Our interpretation of “cause of action declared upon” appears to us to follow the expressed reasoning of the Supreme Court of Pennsylvania. In Rau v. Manko, 341 Pa. 17, it was said:
“One of the purposes of third party procedure is to avoid multiplicity of suits by adjudicating in one suit the rights and liabilities of all the parties to a single transaction which constitutes the cause of action, and the Rules should, if possible, be construed to accomplish that purpose.”
And, in Simodejka v. Williams, 360 Pa. 332, it was said:
*172“The transaction constituting the cause of action in the case now before us was the negligent driving of two automobiles which came into collision with resulting damages; the violation of duty of one or both the drivers of the cars was the cause of action, not the damage legally caused by that negligence, as the court below seems to have thought.”

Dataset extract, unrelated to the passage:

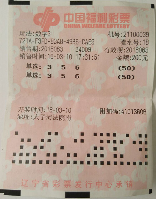 3月10日,福彩3D第2016063期开出的号码为“356”,辽阳一彩民张先生(化名)在辽阳市宏伟区福彩21100039号投注站投中100注单选,获得奖金10万元。

When two different grounds of negligence can be joined in the same action, we see no reason why a ground of negligence and an intentional tort arising from the same transaction cannot be joined in the same action.
As pointed out by Justice Musmanno in Prost v. Caldwell Store, Inc., 409 Pa. 421, the claim for liability over under Pa. R. C. P. 2252(a) must relate to the cause of action declared on by plaintiff. This would also be true where the allegation is that the additional defendant is alone liable. In the case now before this court, the claim which plaintiff could assert against the additional defendant closely relates to the claim which plaintiff has asserted against defendant. The basis of plaintiff’s claim against the additional defendant would be an assault and battery. The basis of plaintiff’s claim against defendant is failure to protect plaintiff from the same assault and battery. Thus, the alleged assault and battery committed by the additional defendant is an integral part of plaintiff’s cause of action as he has stated it against the original defendant.
Qf C(Wi
And now, November 6, 1963, at 11 a.m., the rule to show cause why the additional defendant, Ervin Paul Bitner, should not be stricken, is dismissed, and additional defendant’s preliminary objections to the complaint of defendant are overruled, and the additional defendant is given 20 days from this date within which to file an answer.